Cryptocurrencies and NFTs

This is a reference to the 51% problem, which is one of the fatal flaws of existing blockchains, but is rarely brought up as a criticism due to its unlikelihood of mattering for any major blockchain.

What it comes down to is this. Let’s say I have 0 bitcoins. However, I somehow get an extremely massive number of computers under my control. I have so many computers doing mining that of all the computing power in the world dedicated to the bitcoin blockchain, I control 51% of that computing capacity.

At this point I now completely control which transactions count as valid and invalid. I can create whatever transaction I like, and it will happen. I can just create a billion bitcoins for myself. I can transfer everyone’s bitcoins to me leaving them all with zero.

You can see this is very unlikely to ever happen for any blockchain with lots of users like eth or btc. It’s not even a concern. It is a huge concern for unpopular coins as someone with a bunch of money and/or computers can just take it over.

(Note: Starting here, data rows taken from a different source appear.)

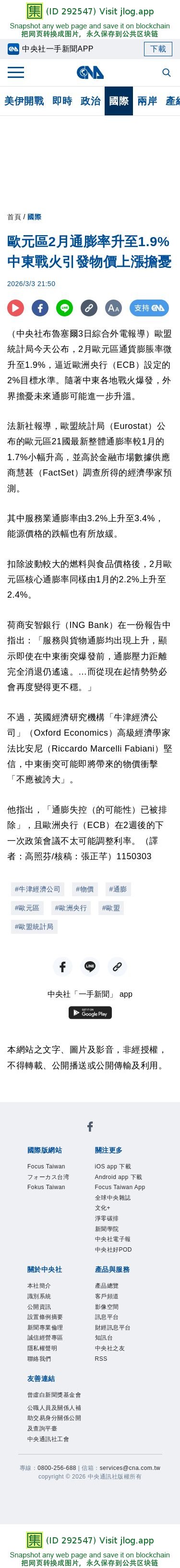 歐元區2月通膨率升至1.9% 中東戰火引發物價上漲擔憂 | 國際 | 中央社 CNA
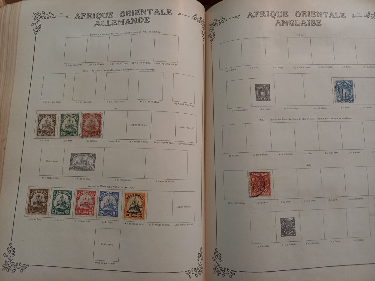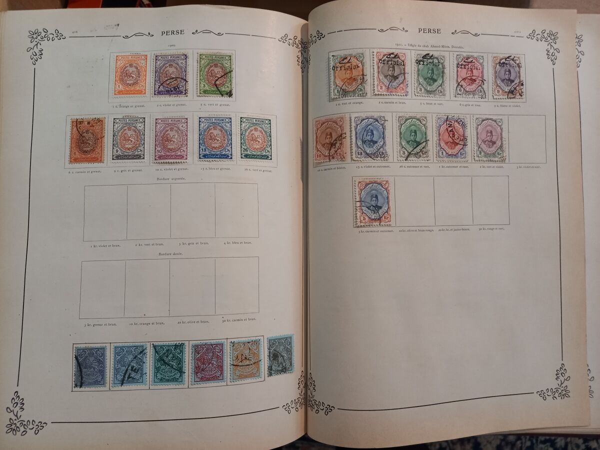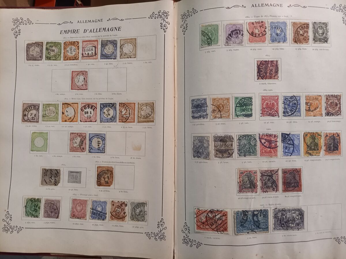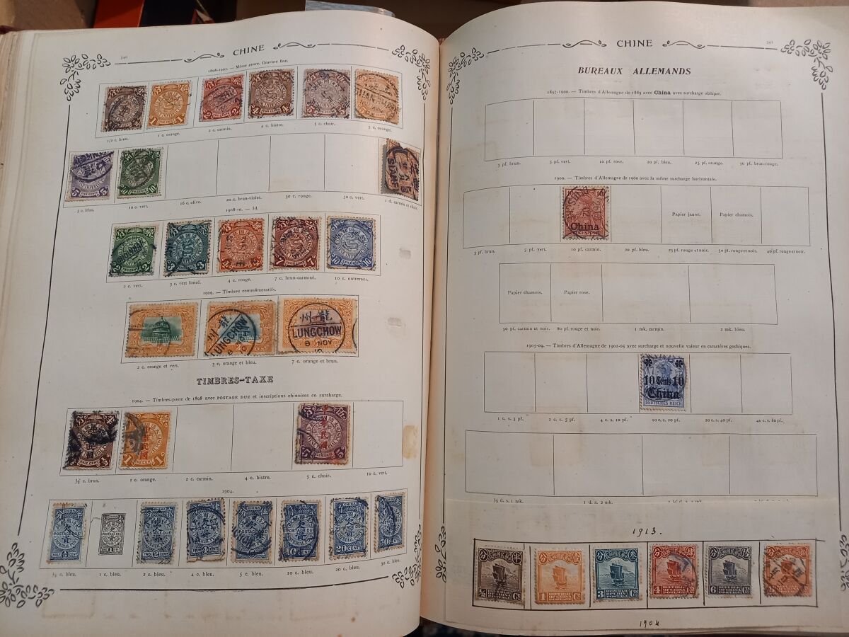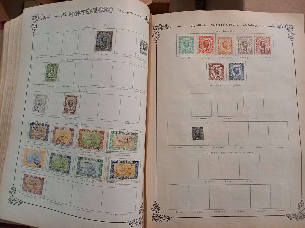 Dans un gros carton, ensemble de timbres de France et Etranger, dont un album de timbres anciens du Monde Entier, tous états
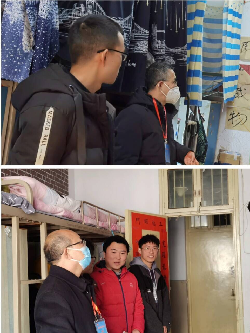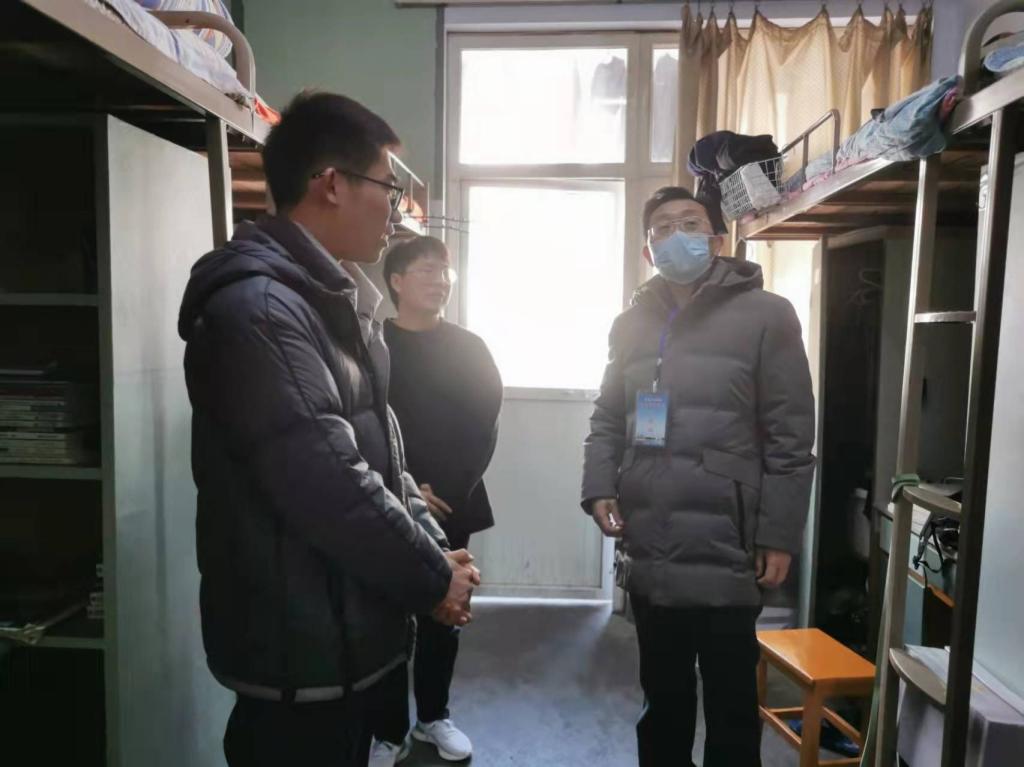 潘登首先查看了宿舍的各项设施,了解员工假期状态及新学期计划,对员工关心的问题耐心解答;叮嘱员工养成良好的生活习惯,尽快调整作息习惯;指导员工做好新学期学习、成长规划,以积极昂扬的状态投入到新学期的学习与生活中。付永昌亲切地和同学们交流,他叮嘱同学们新学期仍要严格按照疫情防控要求做好宿舍内务整理、通风消毒、一日三检等日常工作,同时鼓励员工在新学期能够不忘初心、坚持理想、努力学习、夯实基础,在不断挑战自我中成长。同学们备受鼓舞,对领导老师们的关切表示感谢,纷纷表示在新的一年继续奋斗,学好专业知识,不断提升自己。
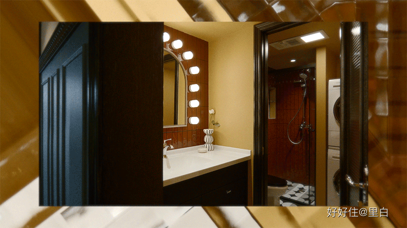 還是熟悉的紅黃藍色調,光線偏暗,一圈堪比專業化妝間的 Led 燈泡,方便女主人在這梳妝。
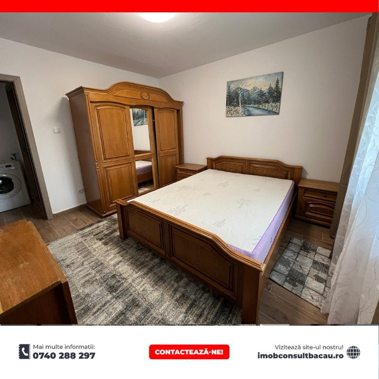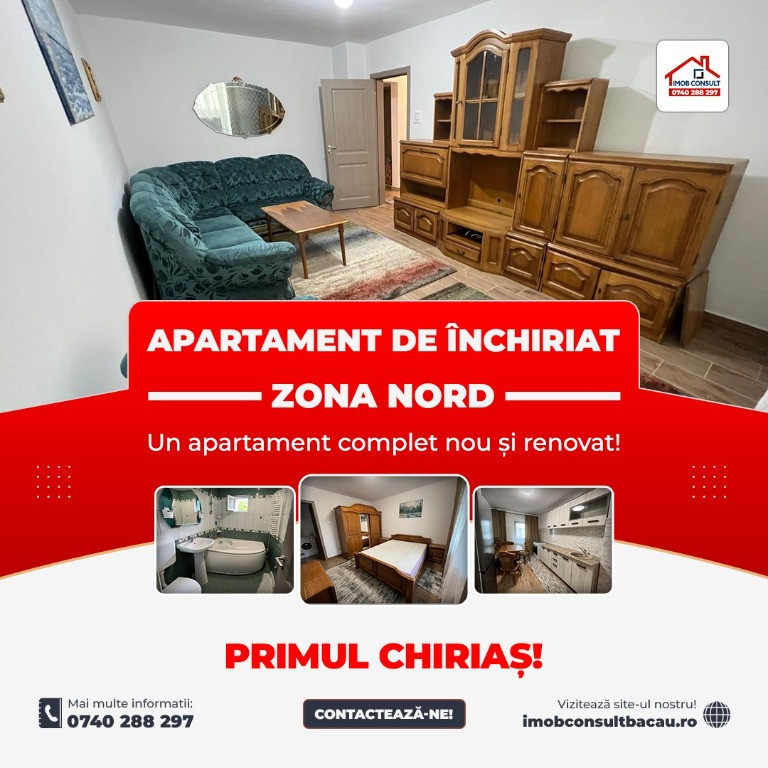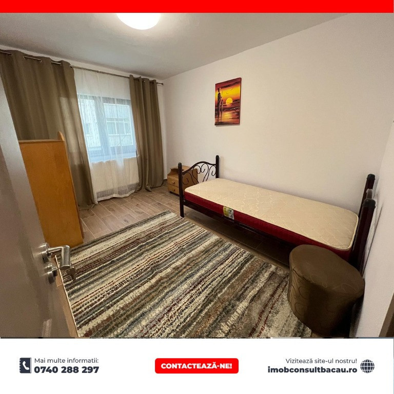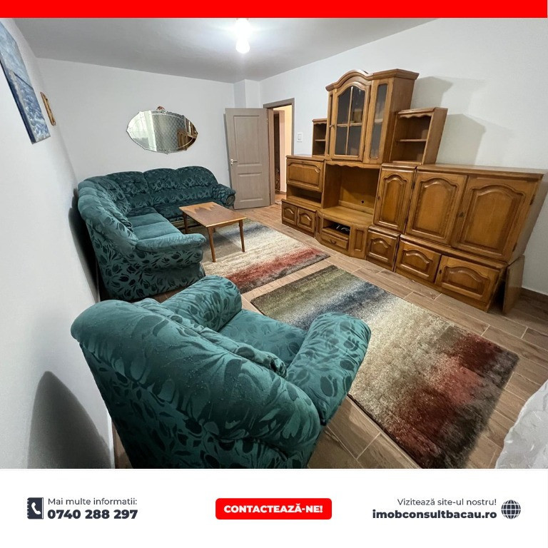 Echipa Imob Consult Bacau, va prezinta spre inchiriere un apartament cu trei camere decomandate, situat la etajul 1 al unui imobil cu 4 etaje. Avantaje: - Primul chiriaș; - 3 camere, decomandat, recent renovat; - Zona Nord / 22 Decembrie ; - Etaj 1 - cel mai căutat; - Suprafata generoasa - 70 m² Te așteaptă un apartament complet nou și renovat, gata să devină acasă. Situat într-o zonă excelentă, aproape de punctele de interes ale orașului, acest apartament îți oferă tot confortul de care ai nevoie. Perfect pentru o familie sau un cuplu care își dorește confortul unui apartament nou, într-o zonă liniștită și bine conectată! Programează o vizionare și fii primul care locuiește aici! - Corina: 0740 288 297; - Lacramioara: 0758 262 533, sau la sediul agenției noastre, Imob Consult Bacau, situat pe strada Banca Națională nr. 27 la intersecția cu Str. Neagoe Vodă, langa Irish Pub.
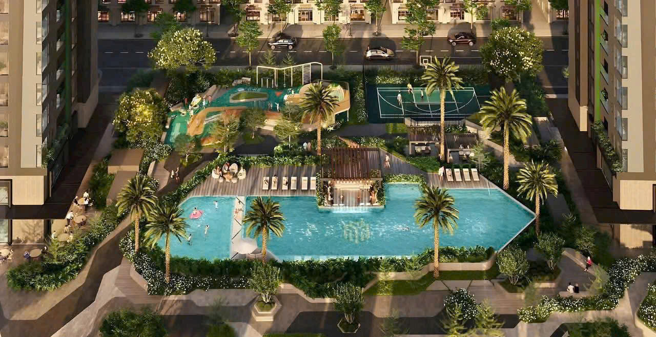• +27 tiện ích ngoài trời: Bể bơi ngoài trời, bể Jacuzzi, sân chơi trẻ em, sân thể thao…

As the article correctly points out, that is the opposite of decentralization. There is one true authority, the consensus formed by 51% of the votes. Everyone else must fall in line with it. True decentralization consists of independent nodes all operating as they please.

Email is truly decentralized. Every email server is its own boss. Sure enough there are lots of standards and protocols surrounding email, but nobody forced anyone to behave a certain way. You can disobey the protocol. Every other node will independently decide how to handle your misbehavior. If one email server likes spam and wants to deliver it to its users, they can do that. If an email server is ok sending out piles of spam, they can do that if they want. If GMail decides to block all mail coming from your mail server, even if you follow all the rules and never send spam, they can do that too. Everyone does whatever the heck they want, but those who cooperate naturally end up providing valuable services, and those who don’t, don’t. No centralized authority, be it a single entity or group of entities, exists.

Neither autocracy or democracy, decentralization is anarchy.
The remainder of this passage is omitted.